MATERIALS PROVIDED:
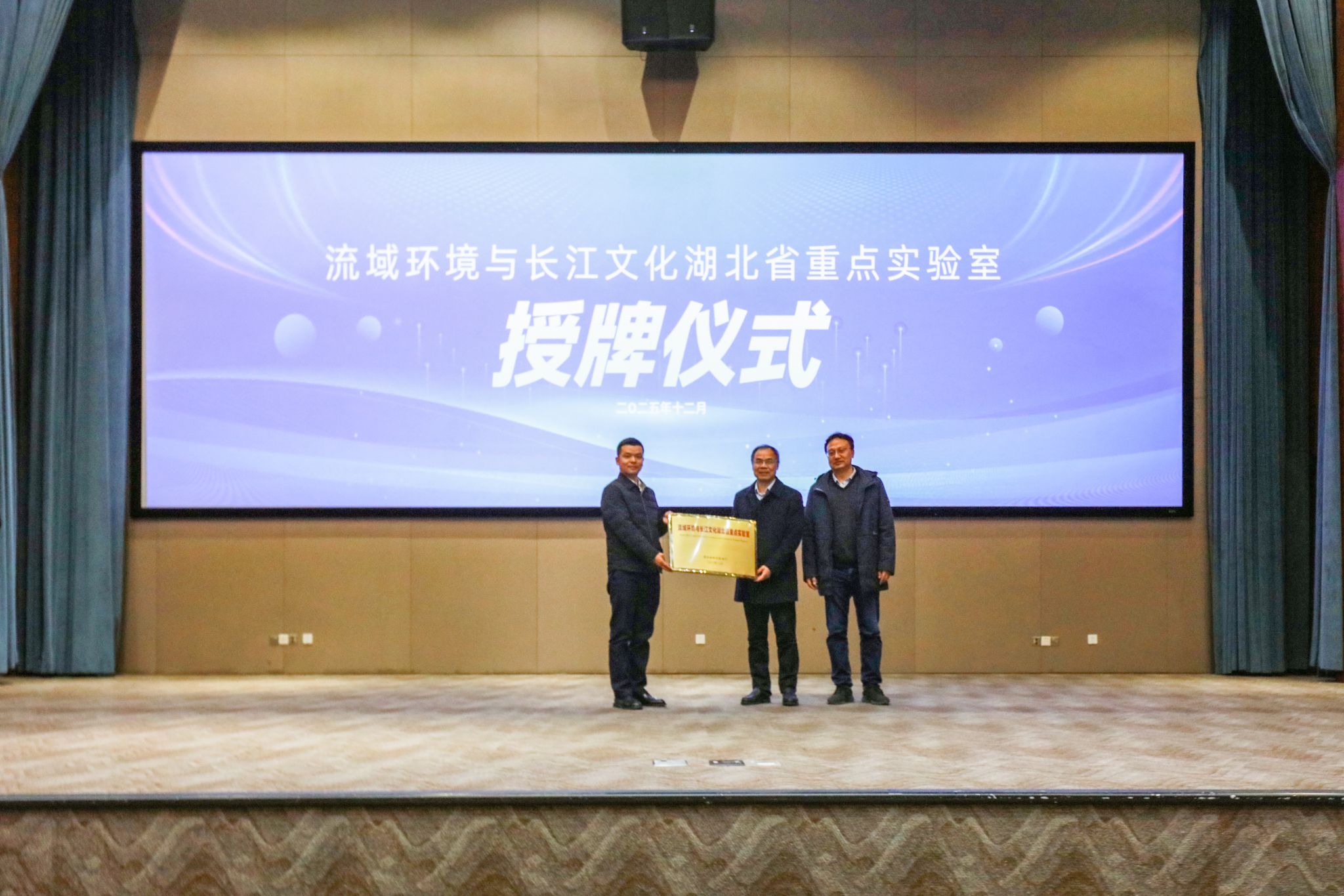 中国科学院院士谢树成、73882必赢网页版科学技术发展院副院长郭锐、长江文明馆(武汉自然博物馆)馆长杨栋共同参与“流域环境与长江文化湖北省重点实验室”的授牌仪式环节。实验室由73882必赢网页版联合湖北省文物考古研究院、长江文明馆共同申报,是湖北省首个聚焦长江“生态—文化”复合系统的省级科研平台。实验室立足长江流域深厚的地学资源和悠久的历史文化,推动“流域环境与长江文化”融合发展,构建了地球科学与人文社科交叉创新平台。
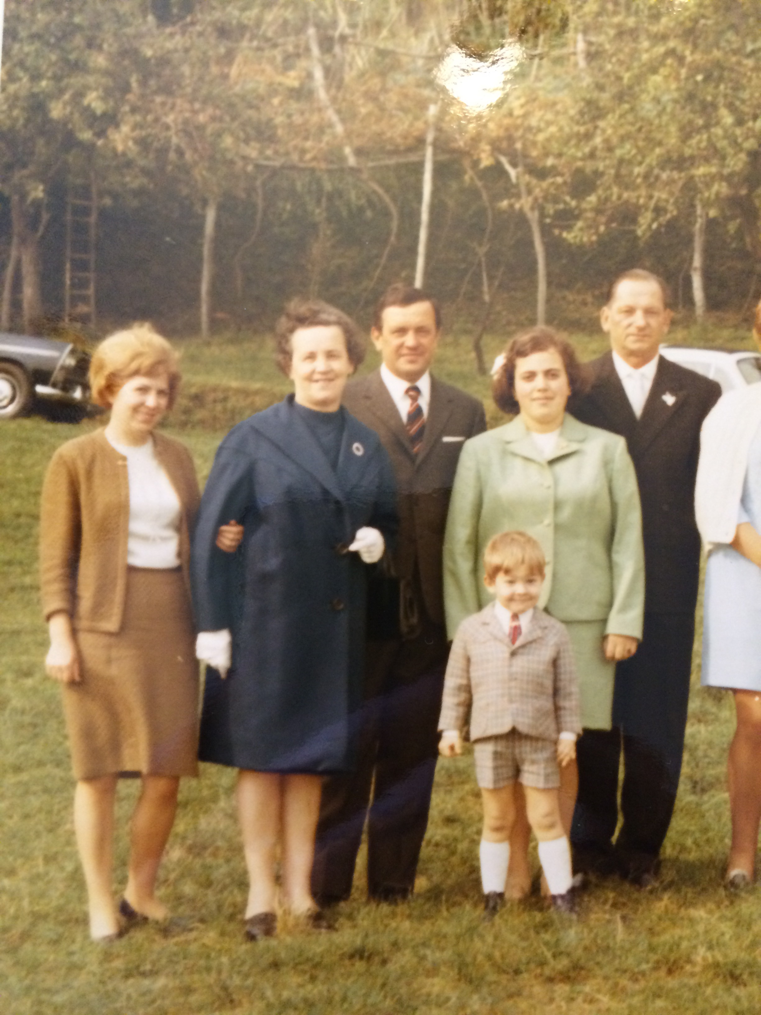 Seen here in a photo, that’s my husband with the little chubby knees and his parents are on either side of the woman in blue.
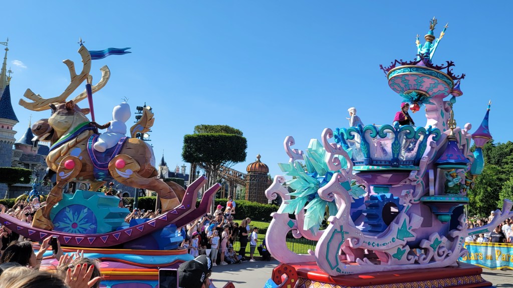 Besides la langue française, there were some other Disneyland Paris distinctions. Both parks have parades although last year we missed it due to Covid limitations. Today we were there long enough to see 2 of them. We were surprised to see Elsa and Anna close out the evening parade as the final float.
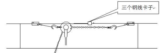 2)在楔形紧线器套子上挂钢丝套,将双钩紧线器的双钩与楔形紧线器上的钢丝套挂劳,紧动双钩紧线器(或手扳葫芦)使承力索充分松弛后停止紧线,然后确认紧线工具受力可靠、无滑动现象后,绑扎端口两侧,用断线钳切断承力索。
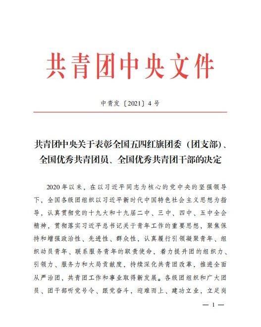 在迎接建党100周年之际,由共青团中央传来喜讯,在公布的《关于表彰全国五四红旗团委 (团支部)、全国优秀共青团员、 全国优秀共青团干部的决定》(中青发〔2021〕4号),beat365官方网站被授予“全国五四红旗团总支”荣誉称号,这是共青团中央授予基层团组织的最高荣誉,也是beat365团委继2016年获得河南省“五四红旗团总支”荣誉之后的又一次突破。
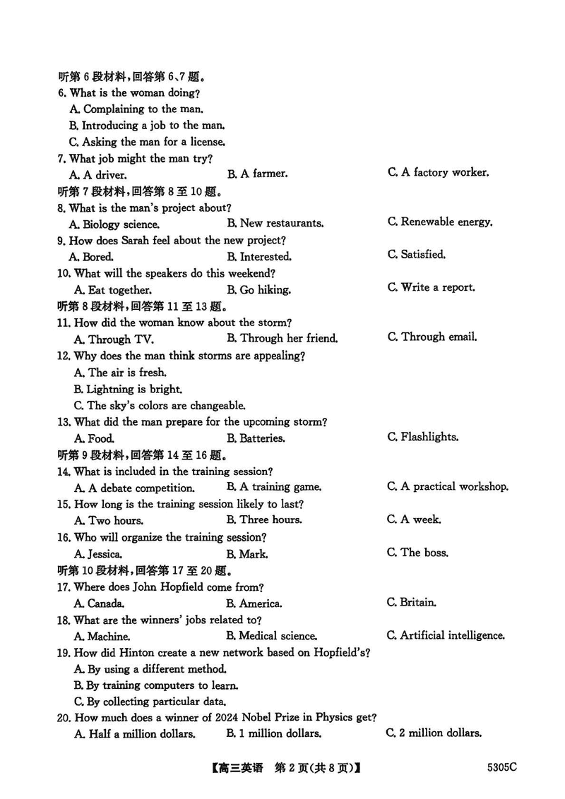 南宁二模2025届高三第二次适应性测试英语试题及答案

TO DO:
Omitting all pictures, restate word for word the lines from the one containing "2)在楔形紧线器套子上挂钢丝" through the last line of the data.

TASK SOLUTION:
 2)在楔形紧线器套子上挂钢丝套,将双钩紧线器的双钩与楔形紧线器上的钢丝套挂劳,紧动双钩紧线器(或手扳葫芦)使承力索充分松弛后停止紧线,然后确认紧线工具受力可靠、无滑动现象后,绑扎端口两侧,用断线钳切断承力索。
 在迎接建党100周年之际,由共青团中央传来喜讯,在公布的《关于表彰全国五四红旗团委 (团支部)、全国优秀共青团员、 全国优秀共青团干部的决定》(中青发〔2021〕4号),beat365官方网站被授予“全国五四红旗团总支”荣誉称号,这是共青团中央授予基层团组织的最高荣誉,也是beat365团委继2016年获得河南省“五四红旗团总支”荣誉之后的又一次突破。
 南宁二模2025届高三第二次适应性测试英语试题及答案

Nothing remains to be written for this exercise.